A summary of what we have gathered:

In [39]:
num_postings = len(postings)
num_postings_with_description = len([posting for posting in postings.values() if posting["description"]])
description_length_sum = np.sum([len(posting["description"]) for posting in postings.values() if posting["description"]])
description_length_avg = np.mean([len(posting["description"]) for posting in postings.values() if posting["description"]])
description_words_sum = np.sum([len(posting["description"].split()) for posting in postings.values() if posting["description"]])
description_words_avg = np.mean([len(posting["description"].split()) for posting in postings.values() if posting["description"]])
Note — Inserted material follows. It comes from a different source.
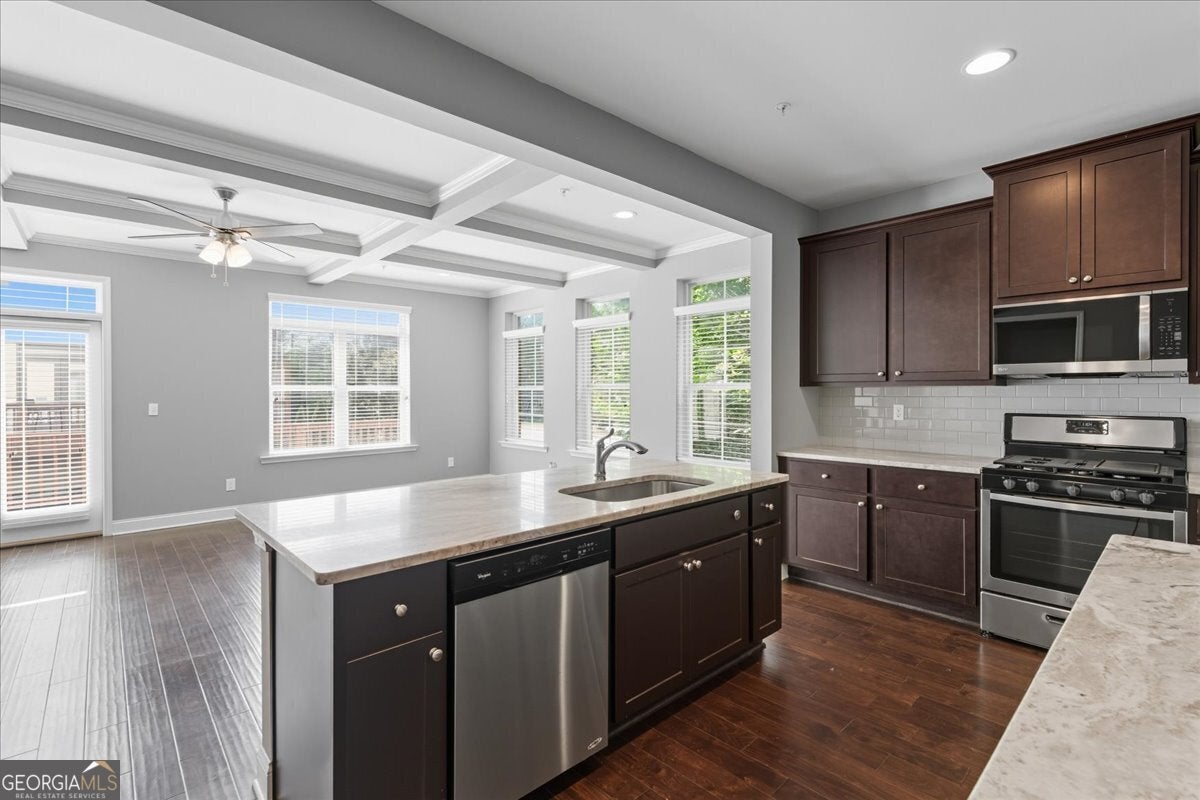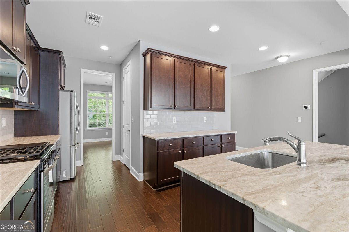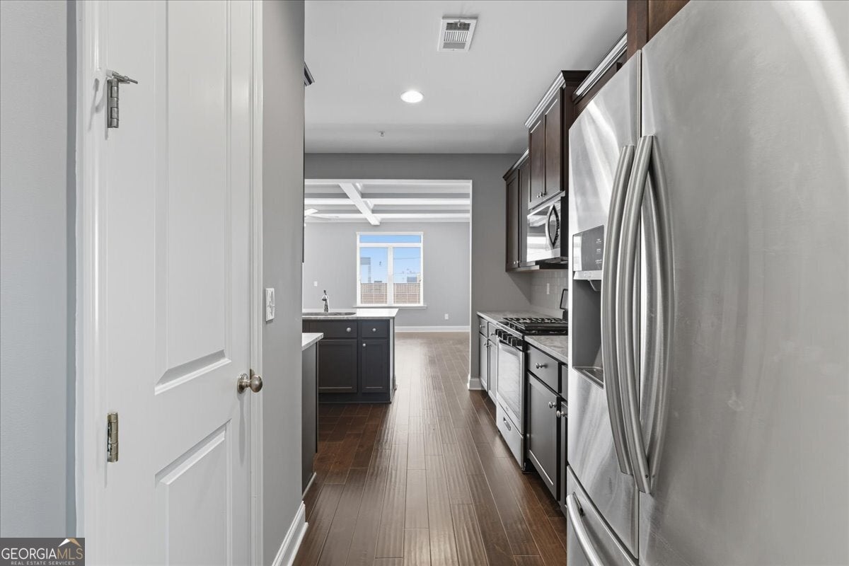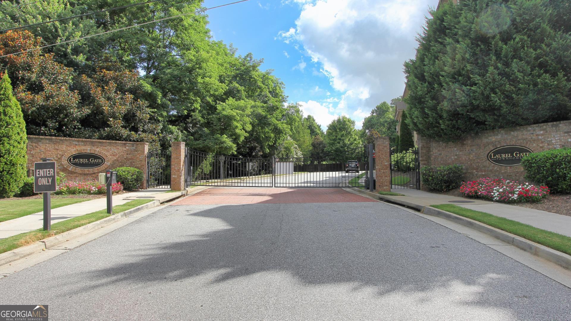Move-in-ready! Laurel Gate Townhomes, end unit, gated community, 4 bedrooms, 3 full baths, half bath, 2 car garage, front porch, and back deck. Full bedroom and bath on the lower level. Located right off I-285, with private wooded areas. HOA is responsible for exterior of home. Upgrades: two-sided brick, hardwoods, coffered and tray ceilings, tankless water heater, custom built-in cabinets, stand-alone tub, walk-in shower, tile flooring, SS appliances, extended kitchen island, custom trim, nest thermostats and more! Convenient location minutes to I-285/I-75, Smyrna Market Village, Vinings Jubilee, Restaurants, Shopping, Silver Comet Trail, and The Battery/Truist Park. Walkable to Tolleson Park with Swimming Pool, Tennis Courts, Playground, Ball field, and Walking Trails. Award Winning King Springs Elementary School in the Cambell HS district. Two community gates: one is entry only, and the other is exit only. Rate buydown information is available, request from agent.

print(f"Number of postings: {num_postings}")
print(f"Number of postings with description: {num_postings_with_description}")
print(f"Total number of characters: {description_length_sum}")
print(f"Average number of characters (excluding 0-length descriptions): {description_length_avg}")
print(f"Total number of words: {description_words_sum}")
print(f"Average number of words (excluding 0-length descriptions): {description_words_avg}")

Number of postings: 462
Number of postings with description: 460
Total number of characters: 1783171
Average number of characters (excluding 0-length descriptions): 3876.458695652174
Total number of words: 226275
Average number of words (excluding 0-length descriptions): 491.9021739130435


Knowing the amount of characters we will load into AWS' services (e.g. Comprehend), we can calculate roughly the costs of using these models.<br>
Amazon Comprehend pricing is quite standard: *"NLP requests are measured in units of 100 characters, with a 3 unit (300 character) minimum charge per request"*.<br>The pricing is as follows: *"Key Phrase Extraction/Translation:	$0.0001 per unit (under 10M units)"*.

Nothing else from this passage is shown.